Modern life is manufactured, and the industry is not slowing down anytime soon. It’s our job to share the true face of manufacturing with the world. In an industry where we are so often inspired by those around us, how can manufacturers share what sets them apart in a way that connects with people?

Let's tackle this issue and uncover how we as an industry can better celebrate the innovations that make our world great, in pursuit of changing the face of manufacturing.

Share the Aspirational Side of Manufacturing

Having a career day or an open house can be a great way to bring people in for the first time – but it can be hard for people outside manufacturing to connect with your innovations when they don’t see the impact of your work beyond your shop floor.

Start showing them the whole picture! Crafting your programs around showcasing the impact of what you do rather than just the process is key – when you show someone a part that you’ve created, where does it end up? The world is great today because of small manufacturing developments that contribute to a greater whole, and you can inspire people to see beyond the stigma of manufacturing by highlighting your niche in a way that connects with them.

Create Content with Intention

Simply producing content is not enough to promote your company – you need to reach out to your audiences, talk to them, in order to create excitement around your work.
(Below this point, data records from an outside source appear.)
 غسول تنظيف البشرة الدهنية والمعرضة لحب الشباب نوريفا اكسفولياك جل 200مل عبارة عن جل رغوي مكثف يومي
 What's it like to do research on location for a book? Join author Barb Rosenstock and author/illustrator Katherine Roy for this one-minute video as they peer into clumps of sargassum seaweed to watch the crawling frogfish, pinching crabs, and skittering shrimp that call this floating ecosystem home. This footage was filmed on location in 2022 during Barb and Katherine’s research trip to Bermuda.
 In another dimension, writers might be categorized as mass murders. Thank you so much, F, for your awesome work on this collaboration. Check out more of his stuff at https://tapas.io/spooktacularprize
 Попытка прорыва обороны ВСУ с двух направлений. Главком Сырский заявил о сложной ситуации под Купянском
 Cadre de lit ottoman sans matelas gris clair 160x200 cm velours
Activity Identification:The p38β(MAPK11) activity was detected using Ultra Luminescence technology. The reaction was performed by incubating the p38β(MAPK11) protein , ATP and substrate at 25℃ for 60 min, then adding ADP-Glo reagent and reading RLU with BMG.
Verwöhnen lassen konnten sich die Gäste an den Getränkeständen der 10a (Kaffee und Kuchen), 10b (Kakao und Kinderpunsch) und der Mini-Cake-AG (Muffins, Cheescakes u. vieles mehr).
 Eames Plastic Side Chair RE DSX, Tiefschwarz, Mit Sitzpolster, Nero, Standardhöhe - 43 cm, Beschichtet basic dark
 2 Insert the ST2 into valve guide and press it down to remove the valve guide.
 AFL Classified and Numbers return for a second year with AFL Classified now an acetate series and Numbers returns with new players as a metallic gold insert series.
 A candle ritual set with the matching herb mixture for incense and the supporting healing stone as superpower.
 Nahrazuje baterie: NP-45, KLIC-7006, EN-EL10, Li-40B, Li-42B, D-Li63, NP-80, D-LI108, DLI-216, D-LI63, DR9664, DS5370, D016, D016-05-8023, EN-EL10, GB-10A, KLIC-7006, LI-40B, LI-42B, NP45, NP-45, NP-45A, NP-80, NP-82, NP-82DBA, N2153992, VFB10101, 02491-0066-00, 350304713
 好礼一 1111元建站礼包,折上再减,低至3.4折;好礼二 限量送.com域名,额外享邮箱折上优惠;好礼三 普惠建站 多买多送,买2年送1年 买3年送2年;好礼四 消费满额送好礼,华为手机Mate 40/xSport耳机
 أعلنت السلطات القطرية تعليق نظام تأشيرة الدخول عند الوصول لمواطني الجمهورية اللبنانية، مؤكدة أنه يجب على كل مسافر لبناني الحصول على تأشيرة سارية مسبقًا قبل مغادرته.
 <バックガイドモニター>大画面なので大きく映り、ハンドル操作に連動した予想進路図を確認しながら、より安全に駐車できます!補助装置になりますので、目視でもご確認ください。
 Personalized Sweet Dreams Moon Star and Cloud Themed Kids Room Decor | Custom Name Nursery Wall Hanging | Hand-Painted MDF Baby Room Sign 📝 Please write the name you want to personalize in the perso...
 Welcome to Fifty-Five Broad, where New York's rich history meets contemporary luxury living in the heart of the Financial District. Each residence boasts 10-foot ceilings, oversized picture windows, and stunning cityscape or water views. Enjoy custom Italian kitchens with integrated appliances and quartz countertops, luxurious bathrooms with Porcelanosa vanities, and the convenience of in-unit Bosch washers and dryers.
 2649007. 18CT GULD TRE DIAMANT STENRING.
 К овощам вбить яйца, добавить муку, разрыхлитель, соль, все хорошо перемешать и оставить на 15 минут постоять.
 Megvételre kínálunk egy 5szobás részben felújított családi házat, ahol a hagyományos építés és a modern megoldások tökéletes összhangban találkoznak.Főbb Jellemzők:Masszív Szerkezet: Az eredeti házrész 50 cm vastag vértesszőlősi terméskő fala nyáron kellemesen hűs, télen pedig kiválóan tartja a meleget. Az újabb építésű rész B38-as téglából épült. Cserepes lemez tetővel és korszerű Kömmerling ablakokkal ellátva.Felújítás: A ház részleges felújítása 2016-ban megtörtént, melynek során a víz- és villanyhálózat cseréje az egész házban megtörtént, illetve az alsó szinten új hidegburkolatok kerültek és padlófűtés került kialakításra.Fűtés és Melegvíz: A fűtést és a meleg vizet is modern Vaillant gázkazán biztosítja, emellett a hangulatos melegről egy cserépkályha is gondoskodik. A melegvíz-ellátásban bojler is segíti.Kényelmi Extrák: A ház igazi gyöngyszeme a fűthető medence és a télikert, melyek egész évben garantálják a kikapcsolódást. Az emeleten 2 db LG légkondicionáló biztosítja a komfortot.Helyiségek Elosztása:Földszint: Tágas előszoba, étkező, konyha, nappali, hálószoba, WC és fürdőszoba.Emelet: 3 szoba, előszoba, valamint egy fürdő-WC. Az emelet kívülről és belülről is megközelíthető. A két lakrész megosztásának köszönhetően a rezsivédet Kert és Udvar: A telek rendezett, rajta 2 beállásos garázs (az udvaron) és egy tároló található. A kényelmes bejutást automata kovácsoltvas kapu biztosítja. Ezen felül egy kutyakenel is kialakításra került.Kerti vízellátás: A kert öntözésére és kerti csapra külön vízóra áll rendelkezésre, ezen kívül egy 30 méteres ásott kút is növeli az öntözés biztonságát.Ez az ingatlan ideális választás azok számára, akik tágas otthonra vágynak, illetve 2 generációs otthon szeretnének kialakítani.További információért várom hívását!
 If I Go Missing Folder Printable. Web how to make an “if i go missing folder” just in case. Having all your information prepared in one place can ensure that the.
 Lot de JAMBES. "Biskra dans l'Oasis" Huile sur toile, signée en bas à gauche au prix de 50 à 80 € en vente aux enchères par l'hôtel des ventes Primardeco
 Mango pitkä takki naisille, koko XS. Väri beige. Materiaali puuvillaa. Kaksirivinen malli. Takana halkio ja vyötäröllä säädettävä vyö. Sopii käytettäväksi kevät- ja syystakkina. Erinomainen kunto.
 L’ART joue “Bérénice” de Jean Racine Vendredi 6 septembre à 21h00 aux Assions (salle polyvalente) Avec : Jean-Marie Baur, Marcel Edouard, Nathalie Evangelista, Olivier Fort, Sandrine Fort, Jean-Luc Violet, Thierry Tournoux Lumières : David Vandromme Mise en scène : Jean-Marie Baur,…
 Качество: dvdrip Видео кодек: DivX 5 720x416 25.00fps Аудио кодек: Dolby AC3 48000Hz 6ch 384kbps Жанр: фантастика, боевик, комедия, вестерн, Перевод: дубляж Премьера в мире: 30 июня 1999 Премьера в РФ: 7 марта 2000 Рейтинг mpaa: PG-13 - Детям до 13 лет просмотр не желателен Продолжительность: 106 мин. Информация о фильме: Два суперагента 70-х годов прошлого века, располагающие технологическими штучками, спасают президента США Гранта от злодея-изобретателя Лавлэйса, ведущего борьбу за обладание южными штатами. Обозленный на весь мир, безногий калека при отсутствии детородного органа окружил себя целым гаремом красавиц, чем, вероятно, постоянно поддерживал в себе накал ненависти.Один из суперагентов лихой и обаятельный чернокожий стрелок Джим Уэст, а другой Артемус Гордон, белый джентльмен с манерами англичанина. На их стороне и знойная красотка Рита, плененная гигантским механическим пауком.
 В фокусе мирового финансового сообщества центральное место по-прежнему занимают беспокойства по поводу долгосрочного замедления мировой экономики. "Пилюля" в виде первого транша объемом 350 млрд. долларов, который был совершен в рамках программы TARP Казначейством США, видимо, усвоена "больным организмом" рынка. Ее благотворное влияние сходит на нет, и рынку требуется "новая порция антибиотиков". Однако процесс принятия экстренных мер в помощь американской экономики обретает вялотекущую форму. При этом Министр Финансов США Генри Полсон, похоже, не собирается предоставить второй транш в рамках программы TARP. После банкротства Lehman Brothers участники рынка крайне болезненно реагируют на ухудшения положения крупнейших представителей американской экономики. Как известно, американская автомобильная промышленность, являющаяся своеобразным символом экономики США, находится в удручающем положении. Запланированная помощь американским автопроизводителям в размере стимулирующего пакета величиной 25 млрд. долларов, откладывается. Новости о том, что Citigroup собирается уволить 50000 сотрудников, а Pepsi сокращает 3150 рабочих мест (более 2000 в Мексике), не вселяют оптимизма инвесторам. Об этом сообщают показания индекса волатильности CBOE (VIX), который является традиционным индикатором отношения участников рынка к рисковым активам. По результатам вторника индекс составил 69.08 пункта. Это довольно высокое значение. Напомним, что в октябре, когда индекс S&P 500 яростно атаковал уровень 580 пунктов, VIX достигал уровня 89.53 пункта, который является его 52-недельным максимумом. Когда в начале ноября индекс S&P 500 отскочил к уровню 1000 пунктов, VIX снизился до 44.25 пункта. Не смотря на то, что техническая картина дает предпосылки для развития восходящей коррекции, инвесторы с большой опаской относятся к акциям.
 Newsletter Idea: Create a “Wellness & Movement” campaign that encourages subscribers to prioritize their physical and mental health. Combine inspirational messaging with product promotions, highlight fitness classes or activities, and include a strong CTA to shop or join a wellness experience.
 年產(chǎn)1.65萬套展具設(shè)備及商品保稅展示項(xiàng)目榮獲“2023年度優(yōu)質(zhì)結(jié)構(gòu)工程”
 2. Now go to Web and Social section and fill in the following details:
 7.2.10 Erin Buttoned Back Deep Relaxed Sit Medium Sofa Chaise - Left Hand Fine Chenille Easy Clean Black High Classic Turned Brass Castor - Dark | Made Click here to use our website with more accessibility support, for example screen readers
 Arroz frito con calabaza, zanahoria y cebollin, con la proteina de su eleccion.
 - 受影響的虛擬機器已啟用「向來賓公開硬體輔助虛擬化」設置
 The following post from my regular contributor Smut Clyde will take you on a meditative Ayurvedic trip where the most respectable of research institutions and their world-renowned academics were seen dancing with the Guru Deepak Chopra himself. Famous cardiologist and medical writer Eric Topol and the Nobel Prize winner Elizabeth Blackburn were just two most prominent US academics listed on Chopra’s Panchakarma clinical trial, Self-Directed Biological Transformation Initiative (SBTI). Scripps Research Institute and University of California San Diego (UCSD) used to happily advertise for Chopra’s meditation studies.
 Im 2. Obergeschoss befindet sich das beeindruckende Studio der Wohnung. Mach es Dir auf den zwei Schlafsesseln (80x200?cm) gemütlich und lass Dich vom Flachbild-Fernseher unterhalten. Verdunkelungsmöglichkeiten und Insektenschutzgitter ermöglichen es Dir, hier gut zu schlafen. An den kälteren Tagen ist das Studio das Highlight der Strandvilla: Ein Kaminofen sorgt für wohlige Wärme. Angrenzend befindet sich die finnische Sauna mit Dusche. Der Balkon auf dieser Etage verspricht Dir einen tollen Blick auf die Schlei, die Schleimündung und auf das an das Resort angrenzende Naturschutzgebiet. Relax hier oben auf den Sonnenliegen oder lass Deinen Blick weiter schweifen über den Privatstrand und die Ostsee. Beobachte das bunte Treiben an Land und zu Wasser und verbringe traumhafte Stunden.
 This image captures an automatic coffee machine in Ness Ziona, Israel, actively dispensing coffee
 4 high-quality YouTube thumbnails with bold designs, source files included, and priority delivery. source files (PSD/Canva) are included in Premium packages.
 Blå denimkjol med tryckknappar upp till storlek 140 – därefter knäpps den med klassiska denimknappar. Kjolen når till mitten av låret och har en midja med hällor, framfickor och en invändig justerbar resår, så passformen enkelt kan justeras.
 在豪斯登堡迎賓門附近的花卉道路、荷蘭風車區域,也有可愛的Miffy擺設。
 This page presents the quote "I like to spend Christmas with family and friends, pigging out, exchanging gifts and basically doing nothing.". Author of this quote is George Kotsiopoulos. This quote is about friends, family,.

Don't just create content for the sake of creating content – the work you create to share with your B2B audiences and with audiences outside the industry should look the part and share your message with intention.

Get your engineers and operators involved in sharing your latest and greatest developments through webinars and videos, interact with your social media audiences, seek out your customers’ questions and create content that answers those questions. You can celebrate the successes of your customers and share the work they do hand-in-hand with your own successes – show how you fit into the world as an essential piece of the supply chain.

Develop Avenues to Build a Skilled Workforce

The skilled labor gap in manufacturing is no secret and has only been exacerbated during the COVID-19 pandemic, with 54% of manufacturers having trouble finding candidates with the right skills. If candidates don’t have the right skills, what can be done? You need to bring the skills to the candidates. Get in touch with counselors at local schools and share with them your initiatives. Providing training and apprentice programs and partnering with local colleges for open house days can help you build your own workforce instead of seeking out from a limited pool of potential workers. For students as young as middle school, programs to shadow a manufacturing professional can help inspire their future career path, and getting them involved early helps them share their experience with others and results in skilled labor down the road.

By loudly and proudly celebrating the manufactured items that make a difference in our everyday lives, we can drive innovations for decades to come. If we’re able to connect with young people and show them the true value of manufacturing, we can inspire a workforce that will help us continue to innovate into the future. And on a day like Manufacturing Day, that’s cause for celebration.